Но самое противное, когда промеж собой ругаются солдаты.
Разве ж мы скоты какие, что даем друг другу клички, как бессловесным животным?
Прошу вежливо товарища:
— Франтишек, будь такой добрый, отстой за меня сегодня в карауле, ломает меня всего что‑то, спину бы надо растереть…
Вместо того чтобы сказать: «Дружище! С превеликой радостью, ведь мы же земляки, из одной деревни. А понадобится мне, тогда ты за меня…» — он разевает пасть и орет:
— Ты, гад ленивый, что я, дурак за всех за вас в наряд ходить? Ворюги проклятые! Мыло пропало, сапоги сперли, полотенце утром я нашел в навозной жиже… Разве это дело — брать в сортир чужое полотенце?
Лаялся, как басурман.
«Вот чем отплатили тебе за учтивую, вежливую просьбу», — подумал я и обиделся.
После этого мне на него и смотреть было противно.
Однажды встал я в четыре утра, начистил сапоги, как на свадьбу, выбил из одежды пыль. Чтобы выглядеть, как с картинки.
На поверке четко отсалютовал и говорю:
— Пан майор, покорно прошу пять месяцев отпуска — жена болеет, в хозяйстве никого, только дед с подагрой… Сын должен приехать с итальянского фронта на храмовый праздник. После соседа мне осталось наследство. Меня ждет судебное разбирательство за оскорбление личности. Трубы для мелиорации должны привезти на поле, корова скоро отелится, а хлев сгорел. Хочу посмотреть, не задохлись ли в дыму кролики…
Майор слушал, кивал головой, ну просто одно удовольствие.
— Пять месяцев?… — спрашивает он, моргая глазками. — Всего‑то? А пять месяцев аресту не желаешь, каналья?
Я замолчал и обиделся.
Чего с ним говорить?
Дал только пять дней.
День туда, день обратно, два дня лил дождь, староста уехал в Прагу по делам, ничего я не успел. Зато хоть поел досыта, да еще привез с собой пирогов, сала, а потому как у меня все время болела голова, вернулся я на одиннадцать дней позже.
Привез меня жандарм.
Вызывают к начальству.
— Болела голова? — спрашивает пан майор.
— Страшно болела… Я, пан майор, как раз… думал…

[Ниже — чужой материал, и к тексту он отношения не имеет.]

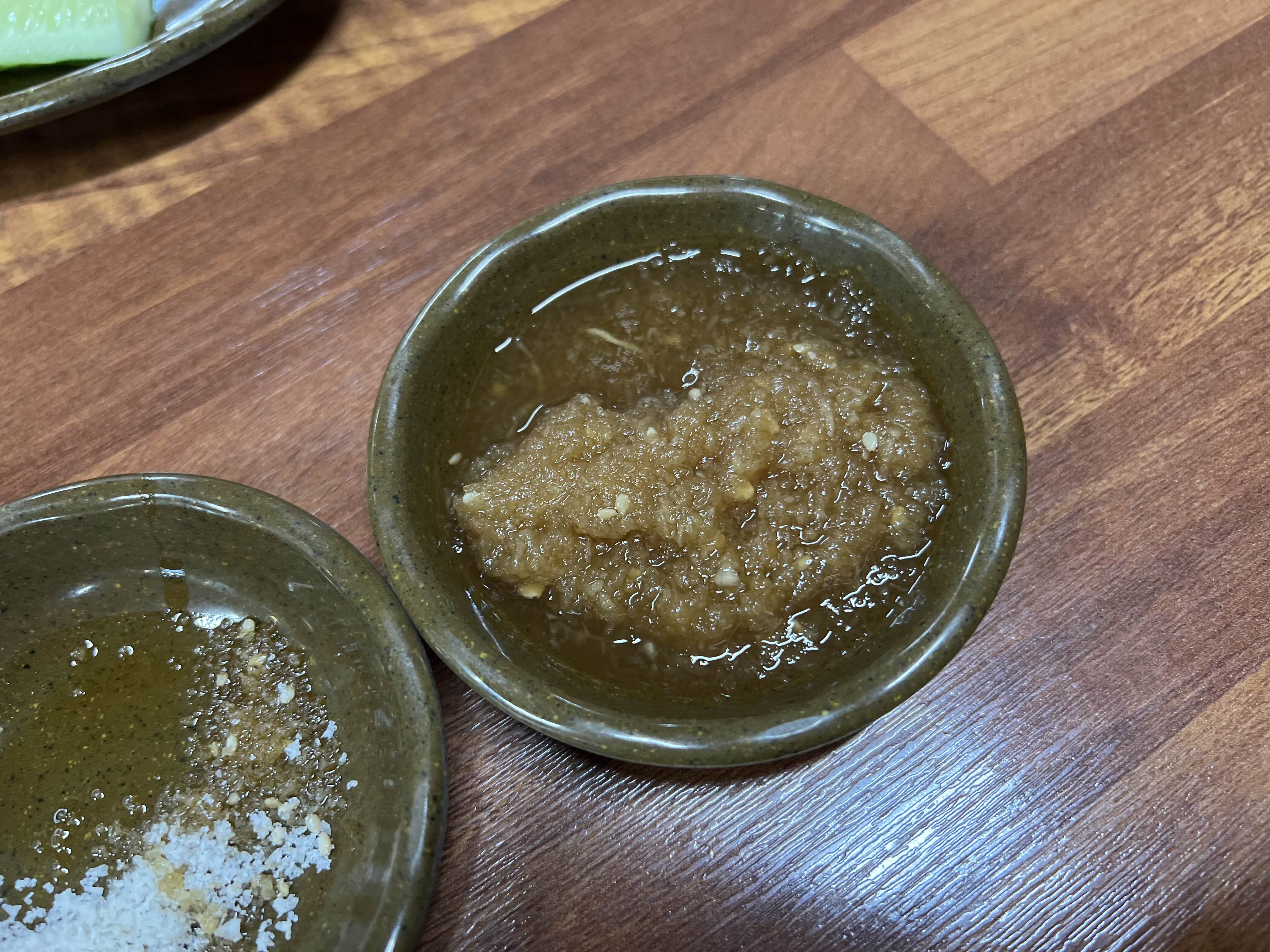 샤브샤브 양념장인데 마늘양념인데 무진 맛난다
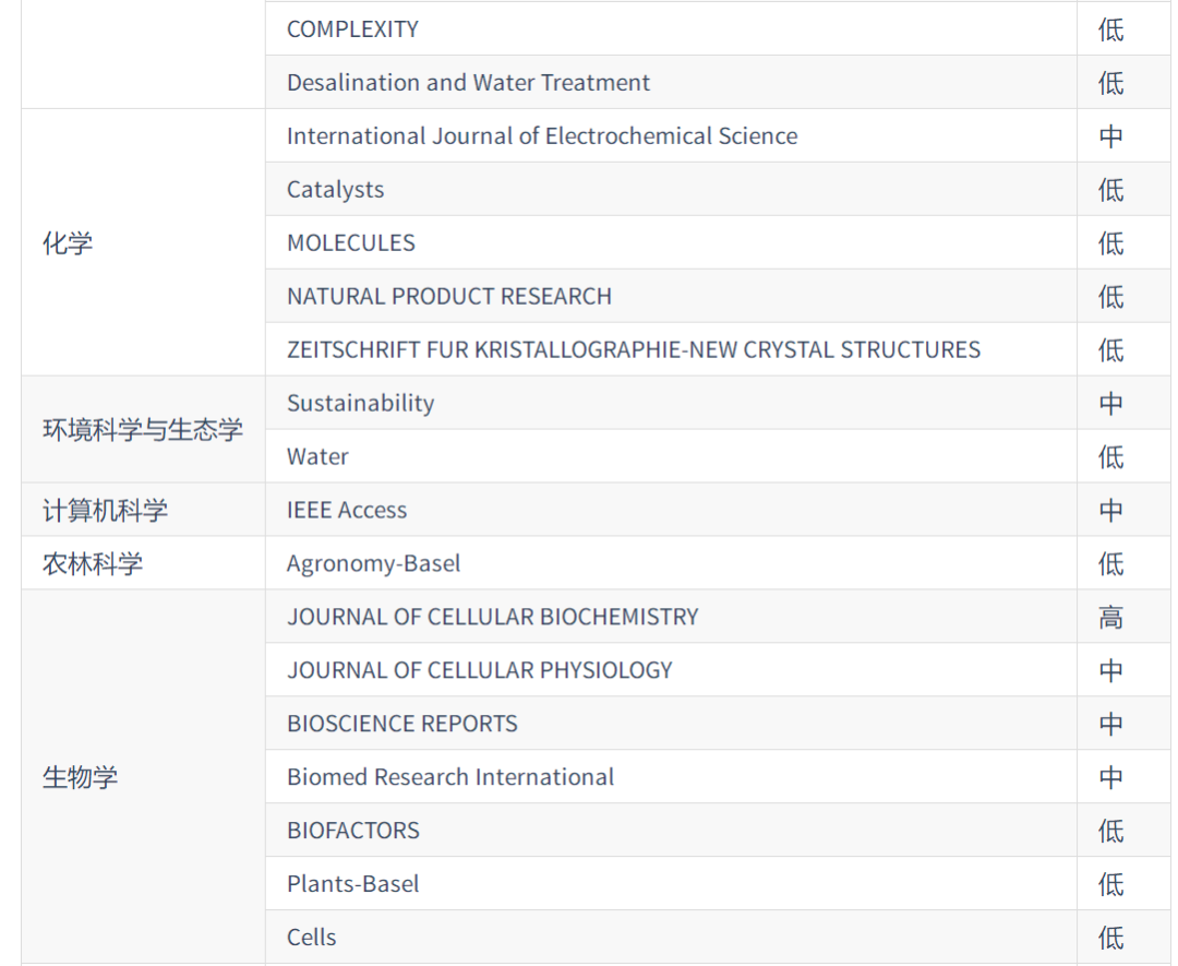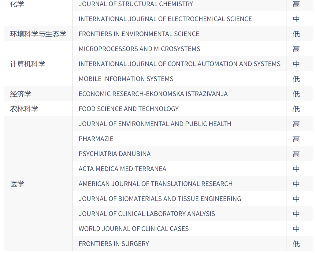 2020年《国际期刊预警名单(试行)》:
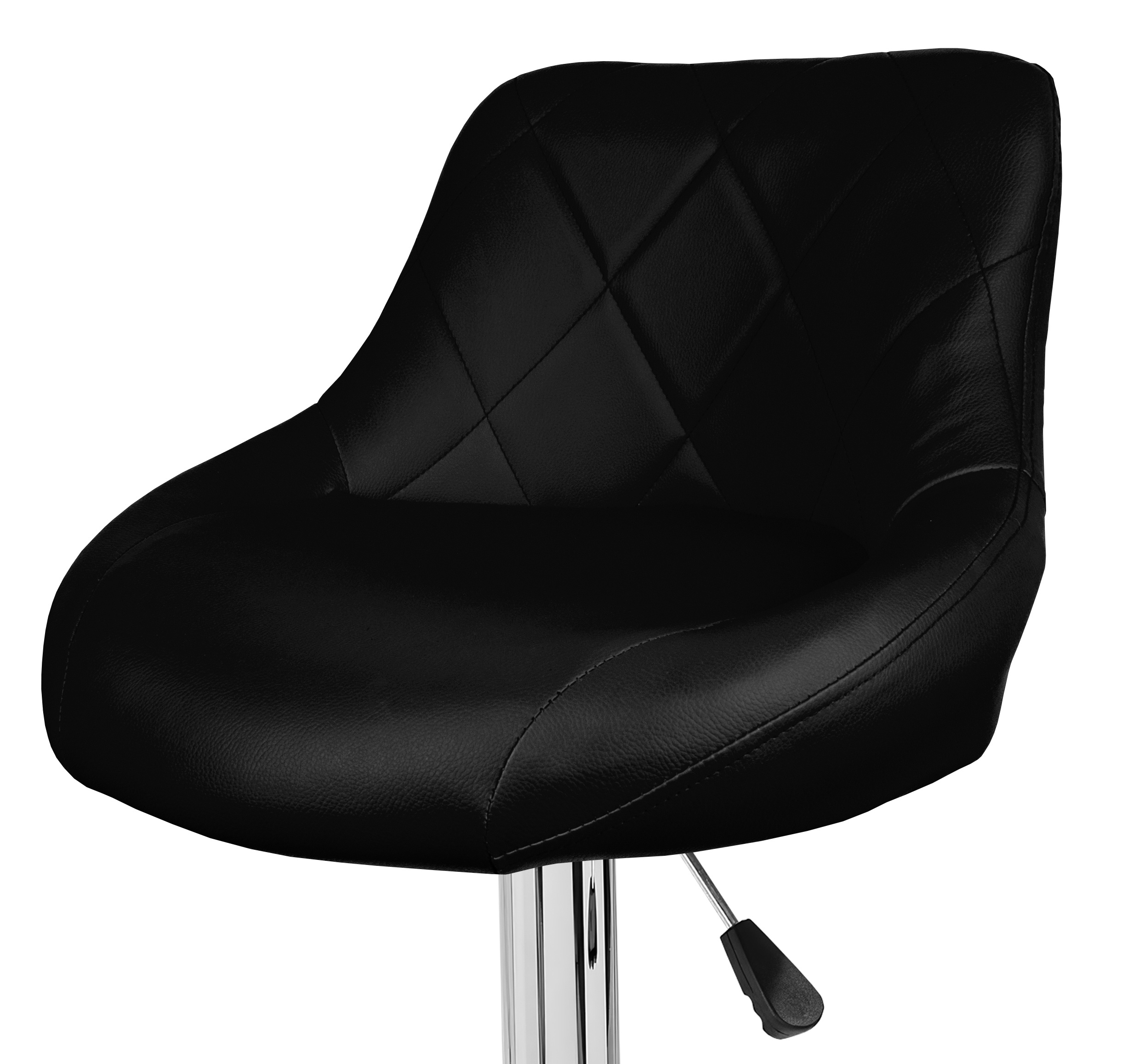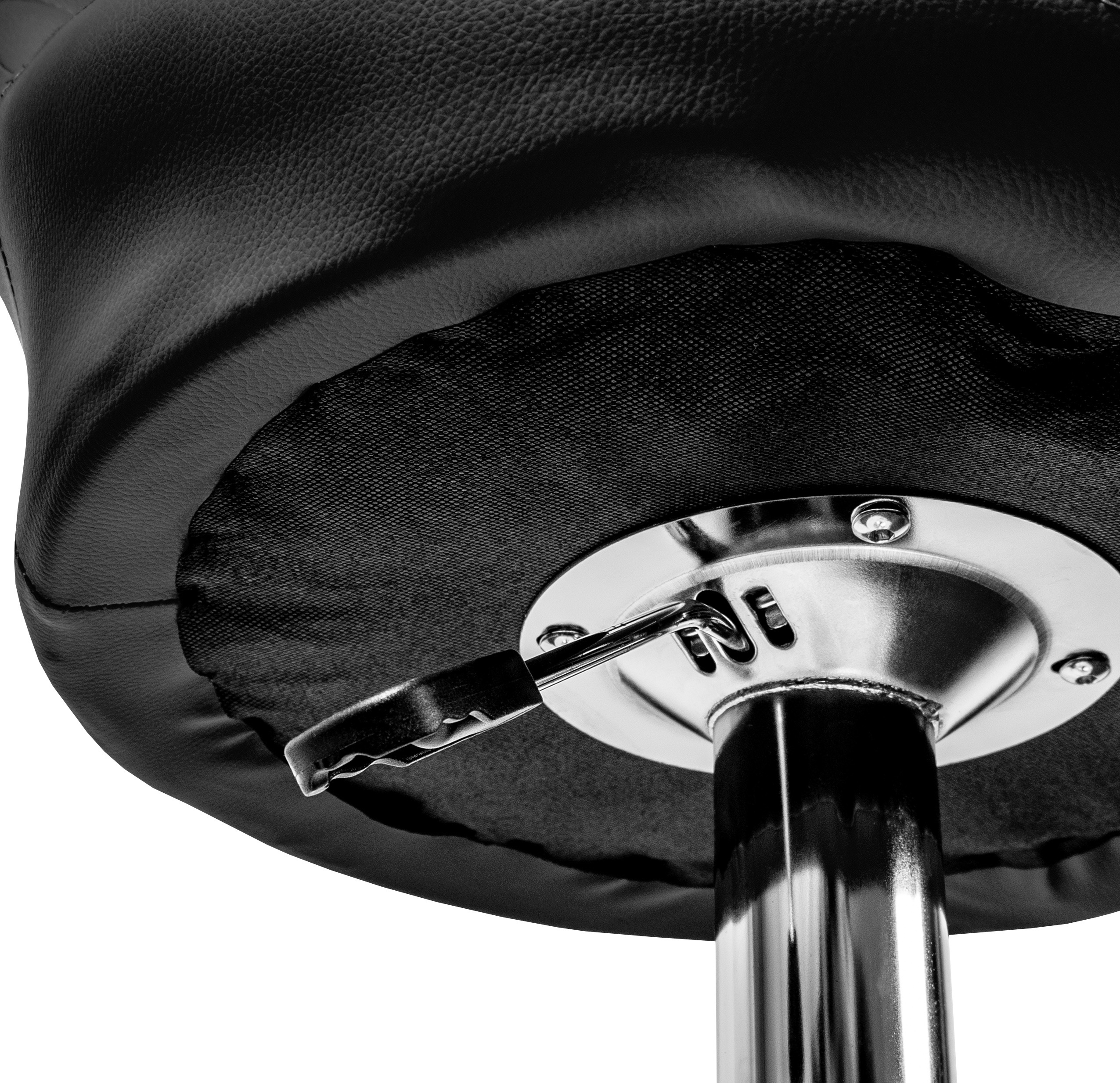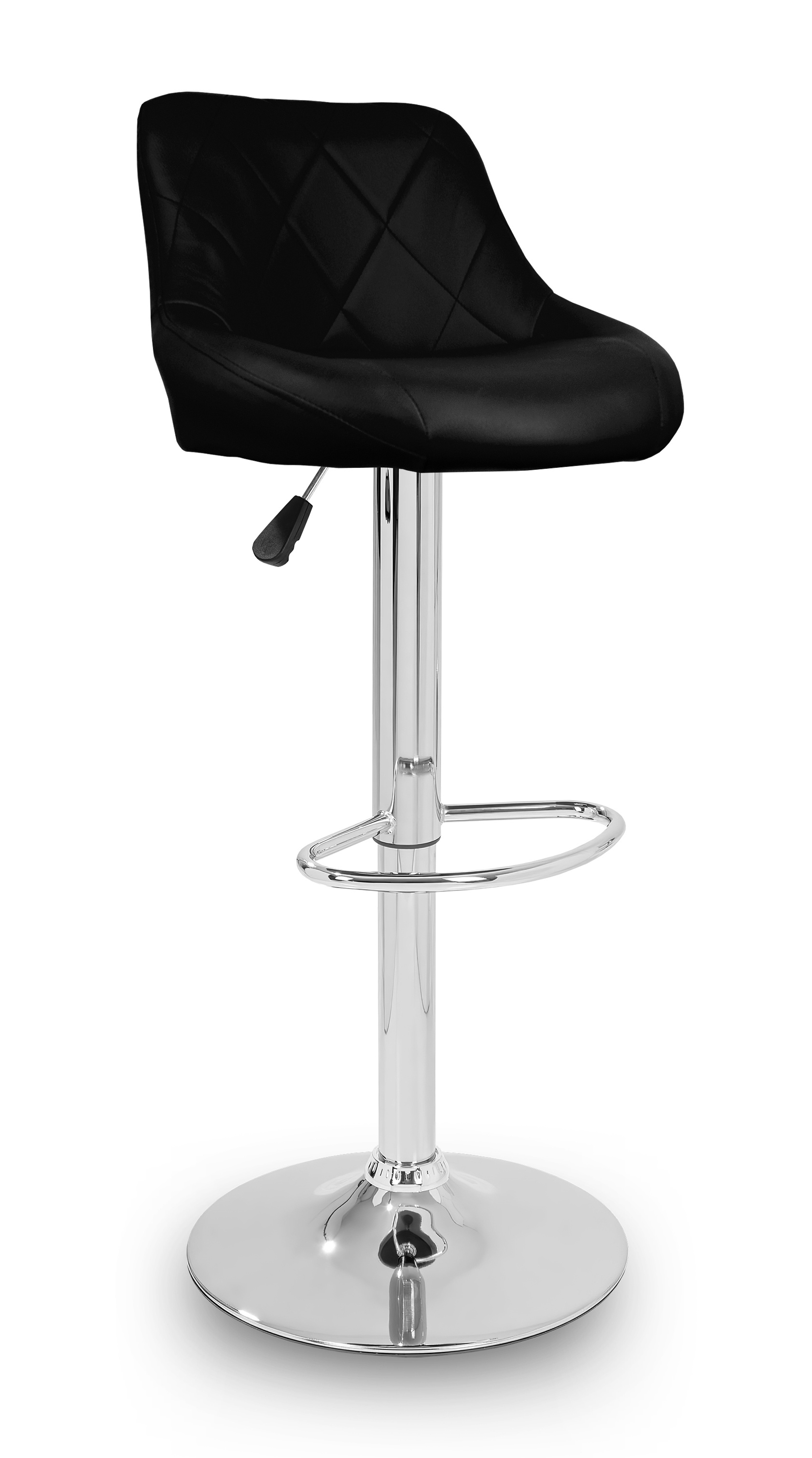 Der Sitz des Stuhls ist mit Kunstleder bezogen und leicht zu reinigen.Der Stuhl hat einen praktischen Fußhocker aus verchromten Metall.Die runde Basis und das Mittelbein sind in glänzendem Chrom.
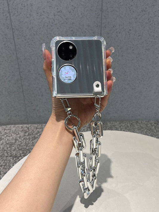 Luxury Makeup Mirror For Huawei P50 Pocket With Silver Wrinkle Holder And Bracelet Chain
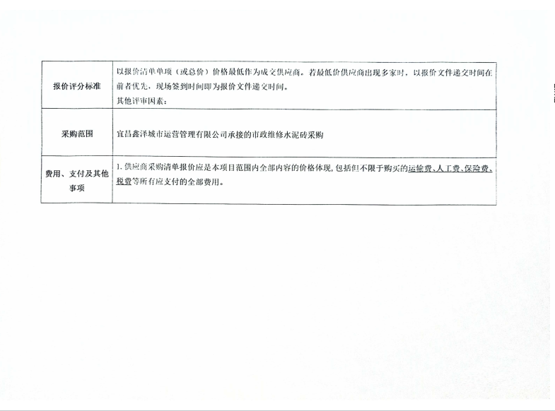 宜昌鑫澤城市運營管理有限公司市政維修水泥磚采購項目詢價公告

— Так, так! Восемь суток строгого ареста!
— Что? — крикнул я.
— Поворчи в карцере. Посидишь — узнаешь, где раки зимуют.
Я обиделся.
Нешто это порядок?
Я же два года был помощником сельского старосты.
Или: дежурю у ворот, поглядываю по сторонам.
Появляются два солдата с тележкой.
Старший, что тащил ее за дышло, говорит:
— Тпрруу, Енда!
Им было нужно к пану писарю. Привел я их. Младший говорит:
— Пан фельфебель, разрешите доложить, мы в канцелярию явились.
Подождали, пока он их заметил.
— Was ist los?[59]
Унтер был венгр, говорить по-чешски не умел, но все понимал.
— Осмелюсь доложить, что мы прибыли с тележкой за этим… как его… за маршрутом…
Писарь вытаращил глаза и заморгал.
— Если маршрут тяжелый… так Енда поможет мне…
Фельдфебель выругался и грохнул кулаком по столу. Мы выскочили из канцелярии.
Младший спрашивает:
— Ну, так что будем делать?
— Обождем, Вацлав!
— Ты, папаша, иди домой, а я один подожду. Может, этот маршрут не такой уж и тяжелый; я ведь мельник, привык мешки таскать…
Вот видите, господа, ругань до добра не доводит.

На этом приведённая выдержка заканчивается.